Is there such thing as too much competition?
That question is currently in front of the CRTC and the still un-named Federal Cabinet in two separate applications.
CNOC raised the question in the form of a review and vary application to the CRTC challenging the Commission’s rejection of mandated MVNO arrangements. Bell has put the question before Cabinet in its challenge of a CRTC order to mandate access to fibre networks.
In both cases, the question of impact on investment was an issue. The apparent inconsistency in the conclusions reached between wireless and wireline investment was the subject of one of my posts last week.
Usually, the marketplace takes care of this kind of question.
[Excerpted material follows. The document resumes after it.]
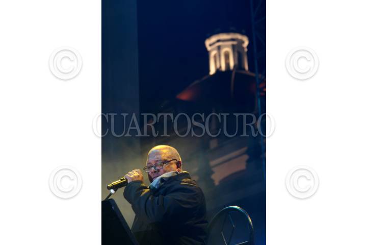PUEBLA, PUEBLA, 13NOVIEMBRE2009.- El cantautor cubano Pablo Milanes se presento la noche de ayer en el zócalo de esta ciudad como parte del XI Festival Internacional de Puebla 2009. FOTO: RODOLFO ANGULO/CUARTOSCURO.COM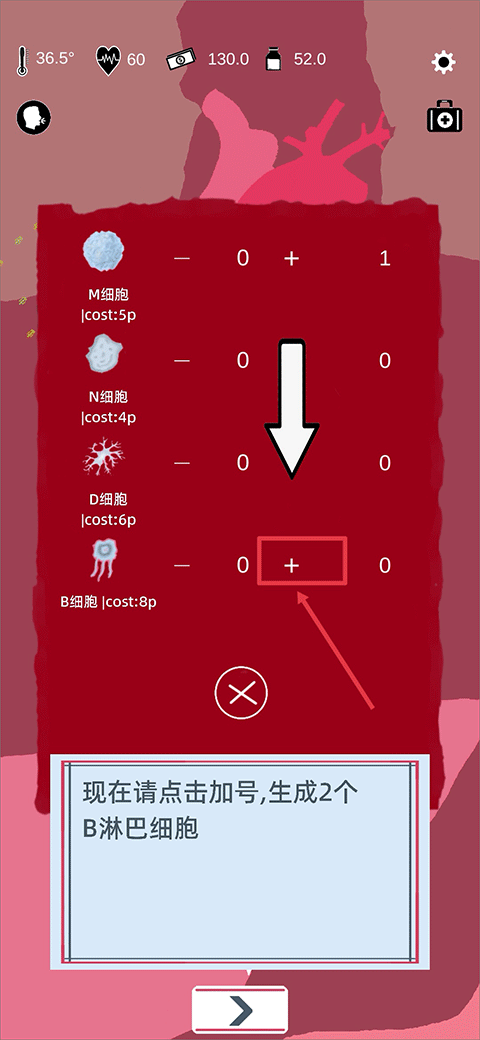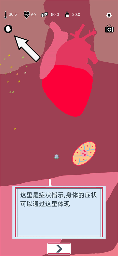 1、首先了解一下游戏的基本功能,左上角分别人体温、心跳、财富、和蛋白质

But in the heavily regulated world of telecommunications, various government agencies try to act as proxies for the market, not just in Canada, but around the world.
I have written in the past about my experiences with Golan Telecom, a rather maverick mobile operator in Israel. This morning, word comes that Golan is exploring options and may be acquired by Pelephone, one of Israel’s original mobile operators. Reuters writes “Israel wonders if too much competition a bad thing in mobile market” as “concerns grow that cut-throat competition is undermining firms’ ability to invest in infrastructure, leaving Israel trailing other nations despite its reputation as a high-tech leader”.
For wireless and wireline, how much competition is too much?
Can the market decide?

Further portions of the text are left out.